What About the Restaurant Revitalization Fund (RRF)?
In 2021, the SBA launched the Restaurant Revitalization Fund (RRF) as part of the American Rescue Plan Act. This program provided emergency grants to help restaurants and other eligible food and beverage businesses recover from the financial impact of COVID-19.
RRF grants could be used for payroll, rent, utilities, outdoor seating construction, food and beverage inventory, and other operational expenses. Unlike loans, the funds did not have to be repaid, provided they were used for eligible costs by March 11, 2023.
While the program delivered over $28 billion in relief, it was quickly oversubscribed, and many eligible restaurants were unable to receive funding before it closed.
SBA Loans as the Next Best Option
For restaurants that missed out on the RRF – or for those that received some help but still need capital to grow – SBA loans have become a strong alternative.
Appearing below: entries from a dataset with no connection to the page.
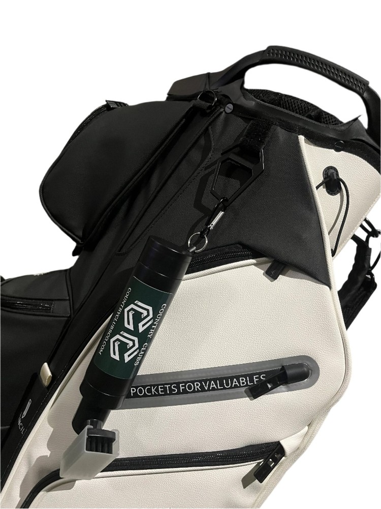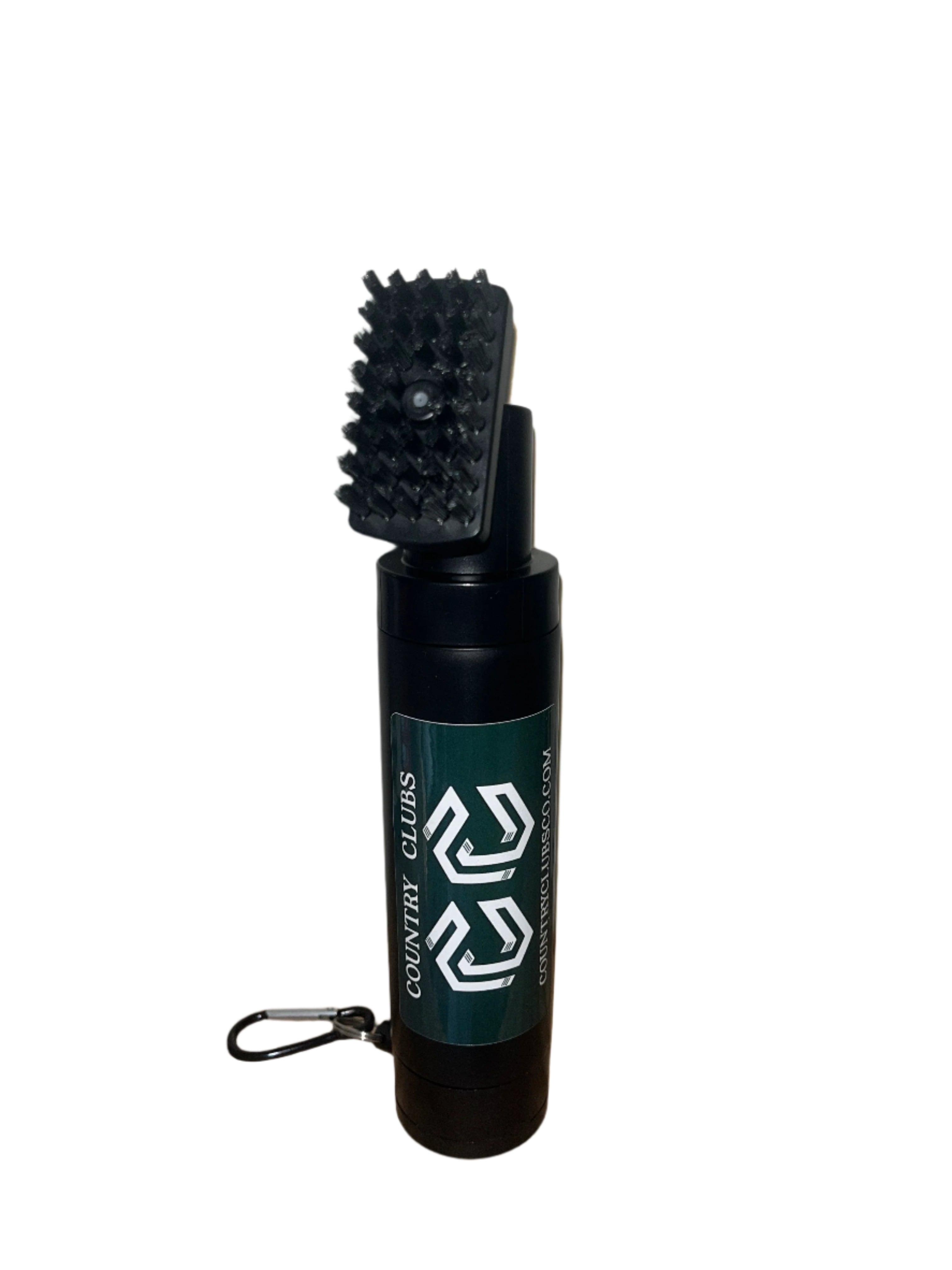 Precision Cleaning for Peak Performance Available in Black and White. Keep your golf clubs in pristine condition with the ULTIMATE Golf Water Brush Cleaner, designed for effortless on-the-go cleaning! This innovative brush features high-quality nylon bristles to remove dirt, grass, and debris while being gentle on your clubface. What sets this brush apart is its built-in refillable water reservoir with a press-to-release mechanism, allowing you to control the water flow for a thorough and efficient cleaning. The durable design ensures long-lasting performance, making it an essential tool for every golfer. A built-in retractable cord of easy handling around the bag for quick cleaning and a carabiner clip for grab-and-go use.
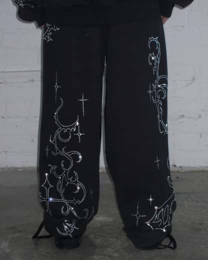 ETERNAL RHINESTONE SWEATPANTS BLACK
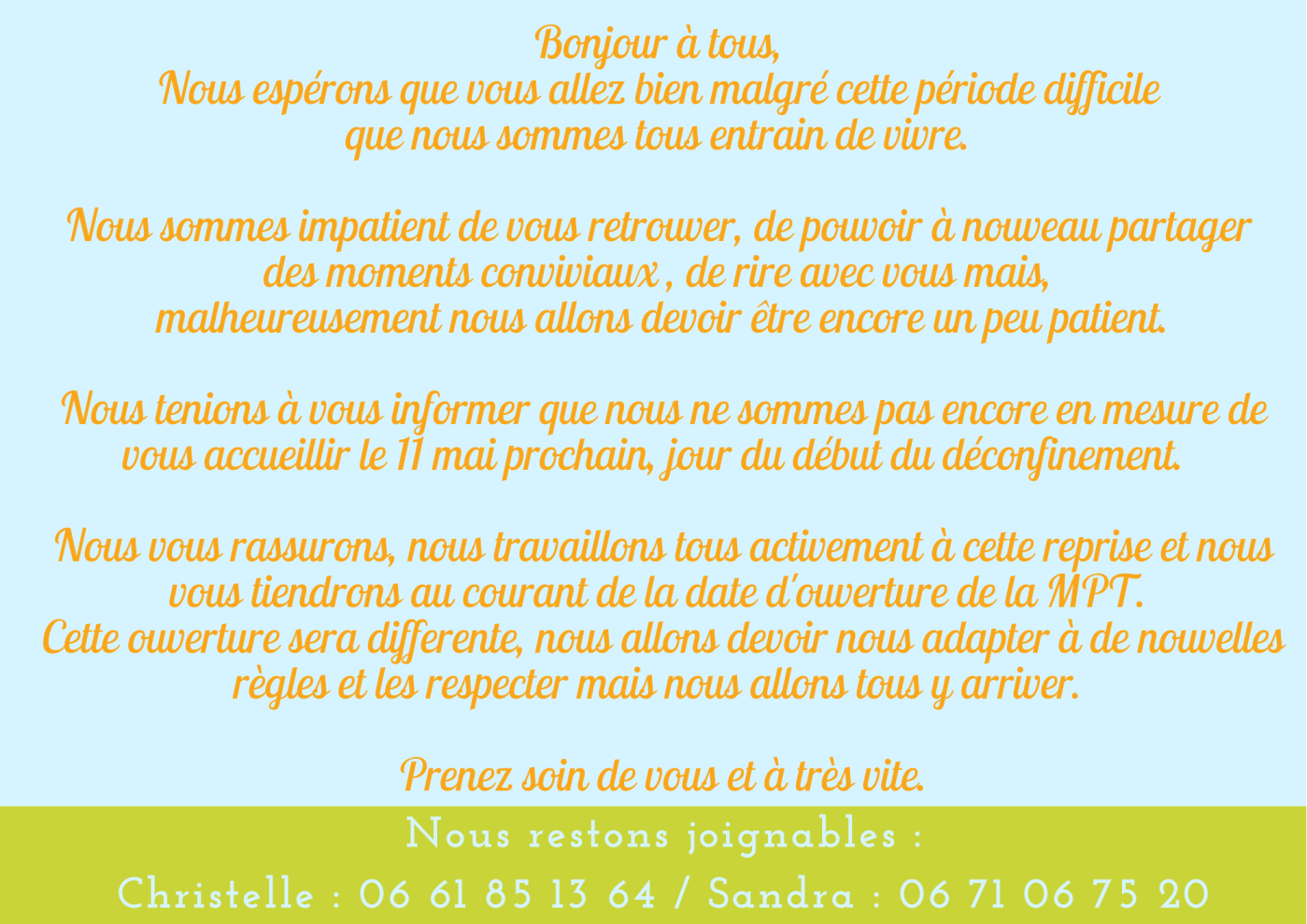 Nous tenions à vous informer que nous ne sommes pas encore en mesure de vous accueillir le 11 mai prochain, jour du début du déconfinement.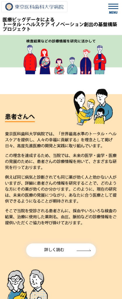 医療・病院関連 Webデザインリニューアル HTMLコーディング レスポンシブコーディング スマートフォン対応ページ https://www.tmd.ac.jp/mdp/ スマートフォン表示 スマートフォン最適化の状態で見る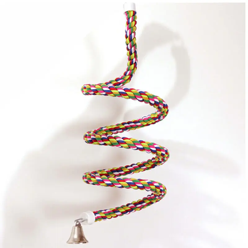 Name: Juguete de percha para pájaros de colores, cuerda de tela de algodón para loros, lámpara tipo jaula para Bar, soporte en espiral con campana, suministros para pájaros, juguete para mascotas, novedad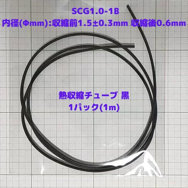 > 熱収縮チューブ 黒 SCG1.0-1B 内径(Φmm):収縮前1.5±0.3mm 収縮後0.6mm 1パック(1m)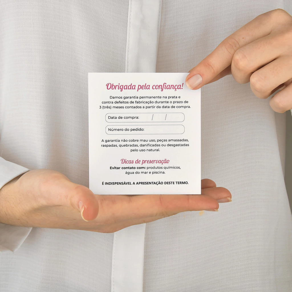 Nossas peças de Prata 925 são enviadas com Certificado de Garantia de Autenticidade da Prata 925, garantimos que nossa Prata tenha duração permanente no material. Diferentemente de Bijuterias, Joias em Prata 925 tem Duração Eterna assim como Ouro 18k.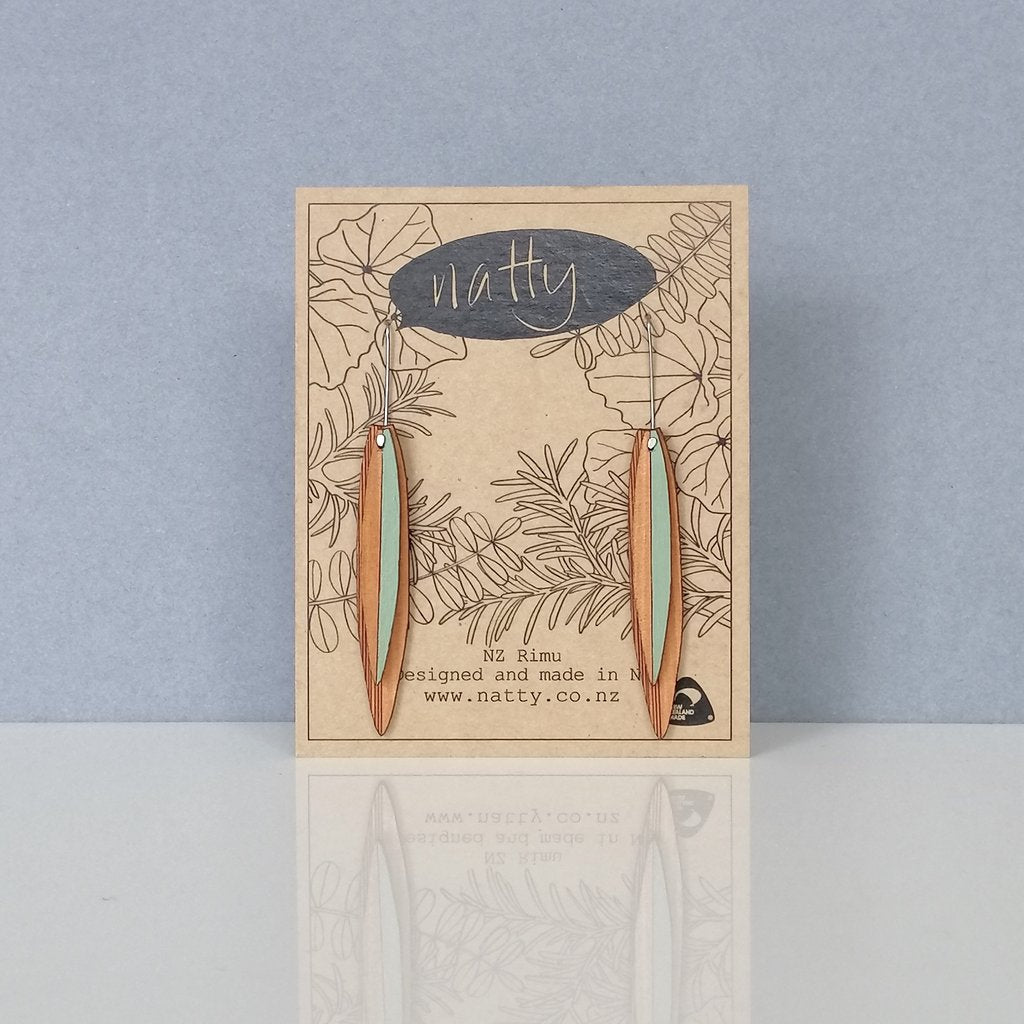 Harakeke earrings in Rimu wood. The earrings are laser cut in our own Flax leaf design, hand painted and are approx. 5.5cm long. The hooks are stainless steel.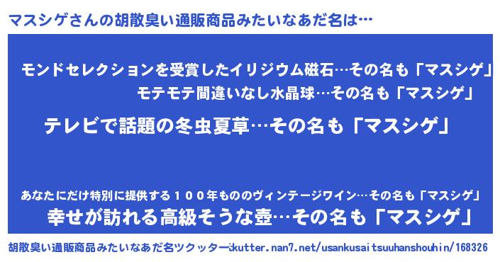 | ヒーロー風カッコイイあだ名 | 『最強戦士マスシゲ』『スーパーマスシゲ』 |

Programs like the SBA 7(a) loan offer flexible funding for equipment, expansion, hiring, refinancing, and more, all with competitive terms backed by the federal government.
While not a direct replacement for the RRF, SBA loans provide restaurants with long-term, strategic funding to continue recovering and growing in a post-pandemic landscape.
Eligibility Requirements
To qualify for an SBA 7(a) loan, restaurant owners must meet certain requirements:
- Operate a for-profit business located in the U.S.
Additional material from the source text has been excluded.